— EXERCISE INPUTS —
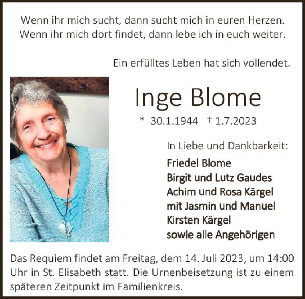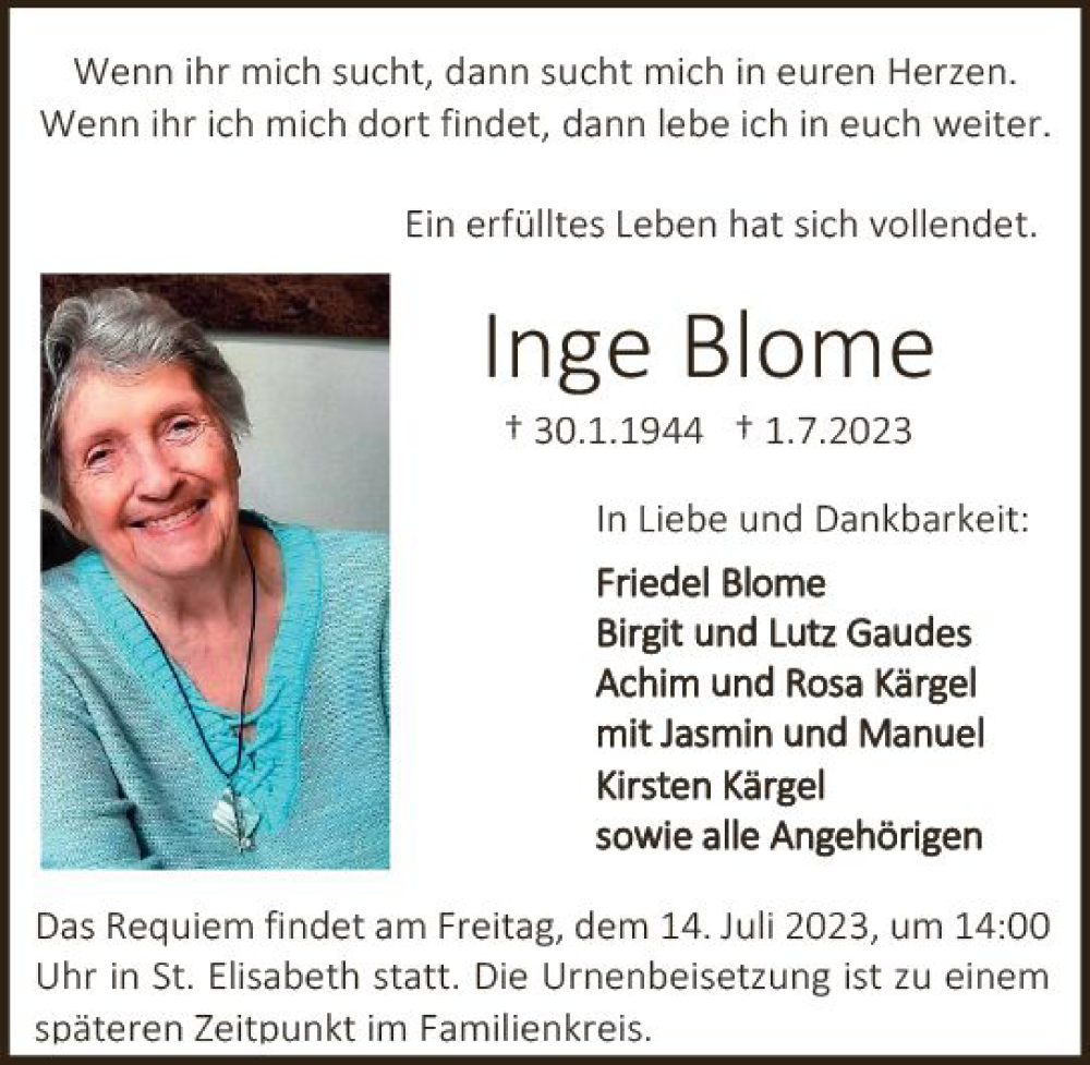 Hier finden Sie alle Traueranzeigen aus der Zeitung, die bisher für Inge Blome erschienen sind. Weitere Traueranzeigen, die in der Zeitung erscheinen, werden hier ebenfalls aufgelistet
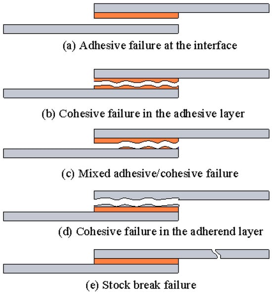 Common types of bonding failure, including (a) adhesive failure at the interface, (b) cohesive failure in the adhesive layer, (c) mixed adhesive/cohesive failure, (d) cohesive failure in the adherend layer, and (e) stock-break failure.
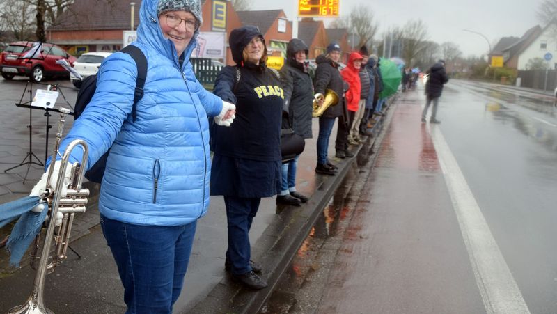 „Frieden lasse ich euch, meinen Frieden gebe ich euch. Nicht gebe ich euch, wie die Welt gibt. Euer Herz erschrecke nicht und fürchte sich nicht“, zitierte Dörthe Philipps Verse aus dem Johannes-Evangelium im Neuen Testament. Gott möge die Menschen verändern, genauso wie er die Welt verändern könne, so die Pfarrerin weiter. Trotz durchdringendem nasskaltem Dauerregen versammelten sich auf der halben Wegstrecke zwischen Münster und Osnabrück viele Menschen in Ladbergen, um ihre Stimme für ein friedliches Miteinander zu erheben. Superintendent André Ost war in Ladbergen vor Ort und berichtete, dass er an die 17 Kirchengemeinden des Kirchenkreises appelliert habe, sich an der Friedenskette zu beteiligen: “Mit unserer Teilnahme an der Friedenskette können wir deutlich machen, dass jede Mühe um Verständigung lohnt, um Frieden wiederherzustellen und zu bewahren.“ André Ost sprach ein Gebet für die unter den Kriegsumständen leidenden Menschen in der Ukraine und bat um den Willen zum Frieden unter allen Beteiligten. Der Posaunenchor der Kirchengemeinde lud mit Friedensliedern wie „Herr, gib uns Deinen Frieden“ Und „Gib uns Frieden jeden Tag“ zum Mitsingen ein. Die Glocken der umliegenden Kirchen unterstrichen diese Friedensbotschaft mit ihrem Läuten.
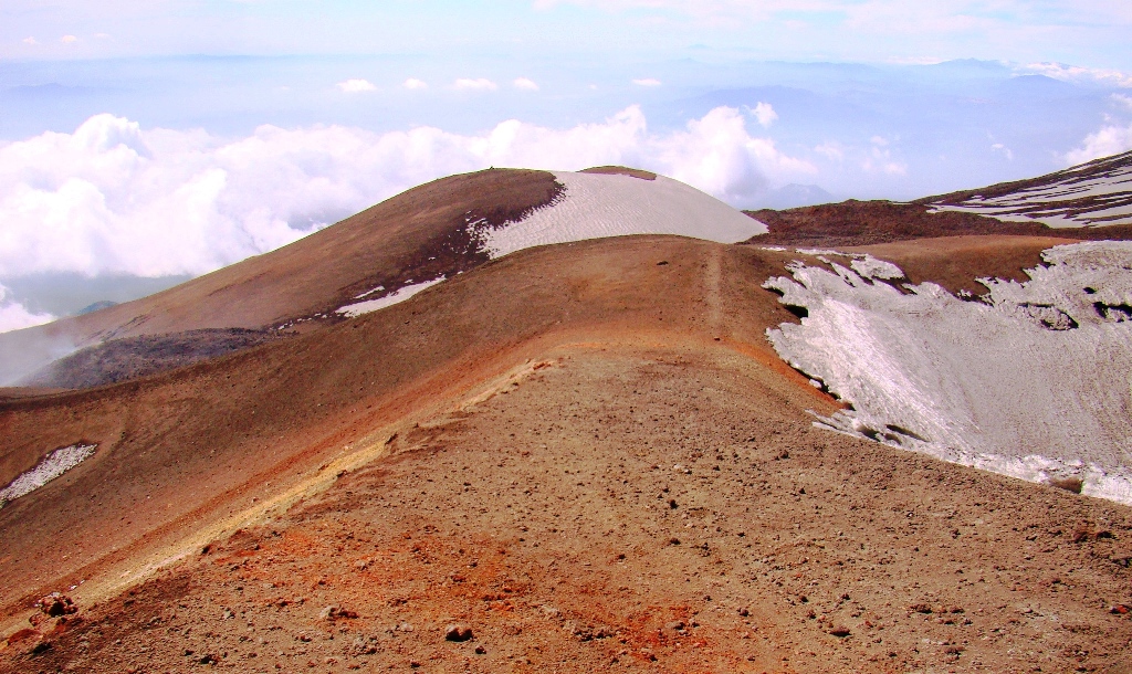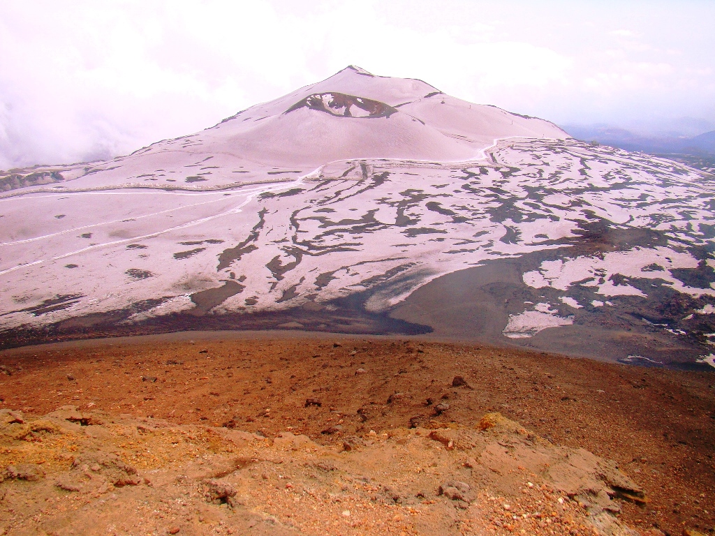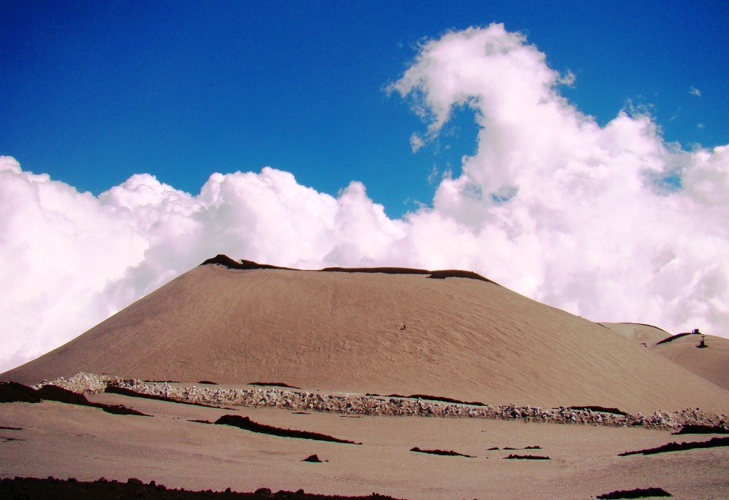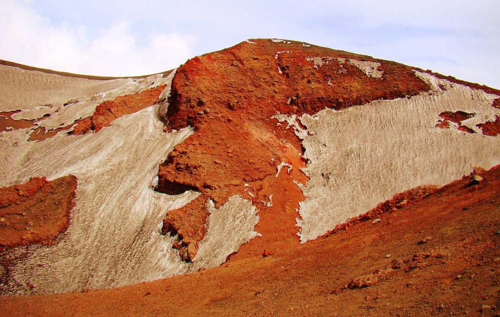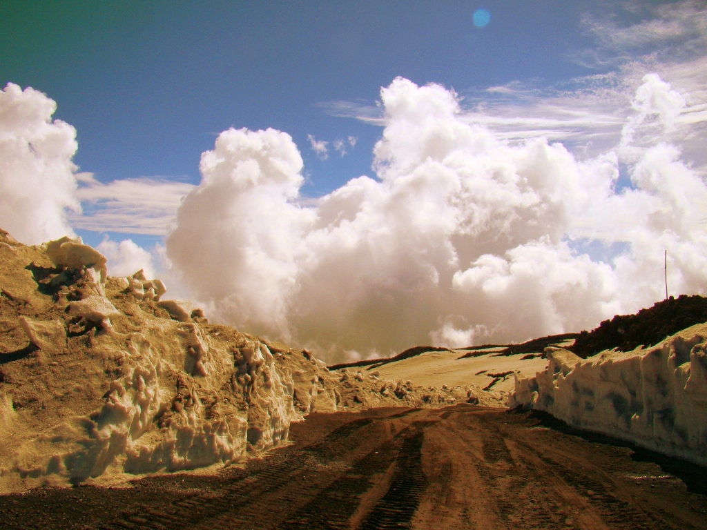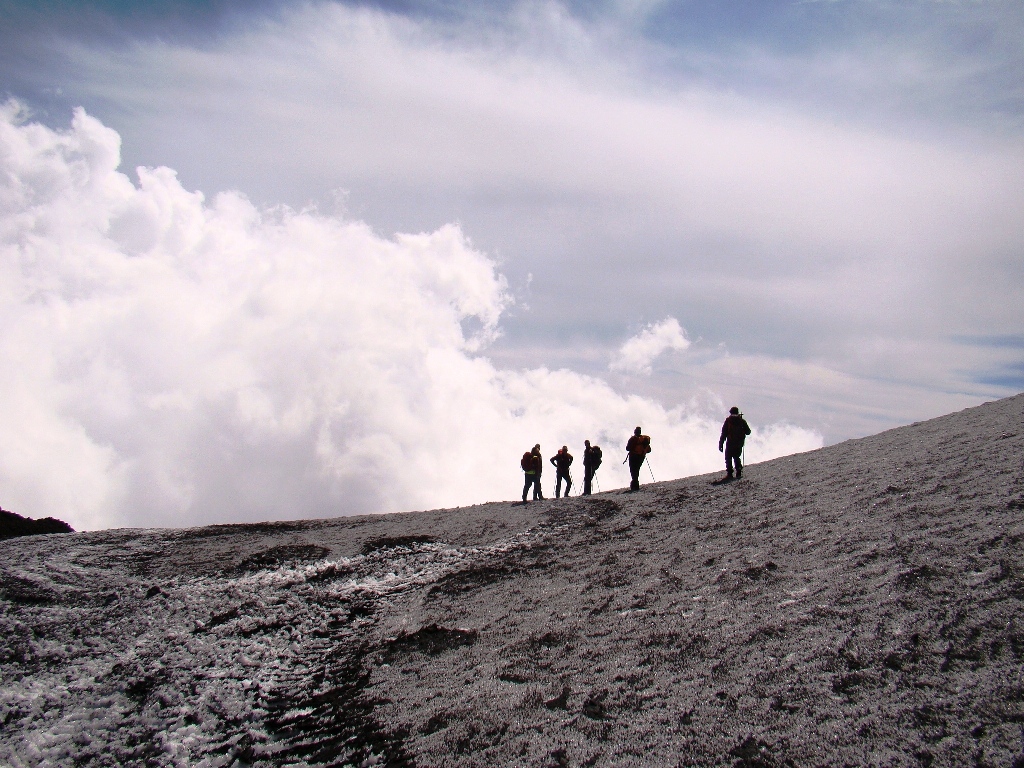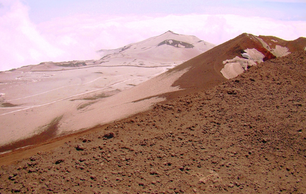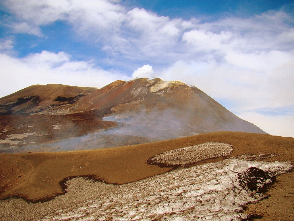 Dar să revenim. Nici nu apucăm bine să începem urcarea că ne și întâlnim cu salvamontul de pe Etna. Când mă vede cum sunt echipat, îmi recomandă să mă întorc. Facem totuși o poză împreună, apoi ei urcă într-o mașină de teren și dispar. Eu profit de moment și pornesc mai departe alături de Paulina și Darius.
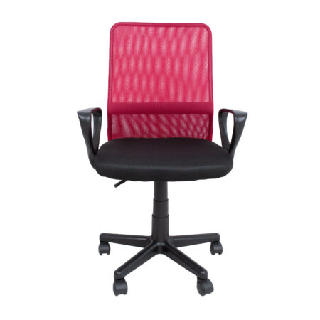Töötool BELINDA must/punane. Kergelt polsterdatud tooli iste on kaetud polüesterkangaga. Seljatugi on kaetud polüestervõrkkangaga. Istme kõrgus on reguleeritav gaasamordi abil. Käetoed on mustast plastikust. 5-haruline jalarist on mustast plastikust, R27cm. Toolil on plastikrattad, 50mm. Tooli kõrgus on 86,5-98,5cm, istme laius 46,5cm, istme sügavus 46,5cm, seljatoe laius 44cm, seljatoe kõrgus 55,5cm. Toote mõõdud on 59x56xH86,5-98,5cm. Tooli kaalupiirang on 80kg.
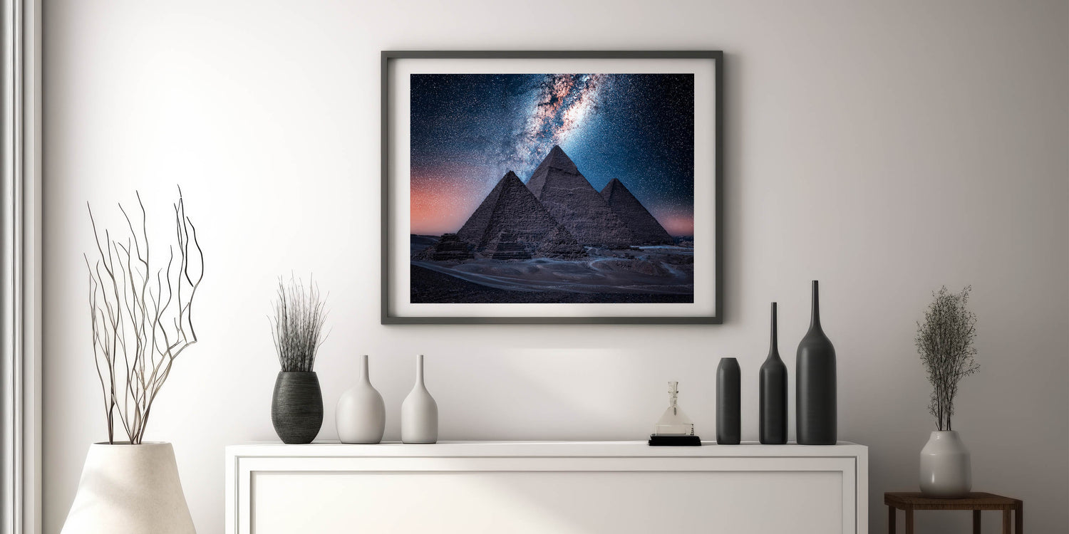 Experience the mystical beauty of Egypt with this breathtaking wall art featuring the iconic pyramids under the luminous Milky Way. This captivating image captures the grandeur of the ancient pyramids set against a dazzling night sky, creating a mesmerizing blend of earthly history and cosmic wonder. Perfect for those who are fascinated by the mysteries of the universe and the timelessness of Egypt.

— BRIEF —
Please give back exactly the lines from the first line of the records above through the line containing "Common types of", only those and both included, with the pictures removed.

— THE ANSWER —
 Hier finden Sie alle Traueranzeigen aus der Zeitung, die bisher für Inge Blome erschienen sind. Weitere Traueranzeigen, die in der Zeitung erscheinen, werden hier ebenfalls aufgelistet
 Common types of bonding failure, including (a) adhesive failure at the interface, (b) cohesive failure in the adhesive layer, (c) mixed adhesive/cohesive failure, (d) cohesive failure in the adherend layer, and (e) stock-break failure.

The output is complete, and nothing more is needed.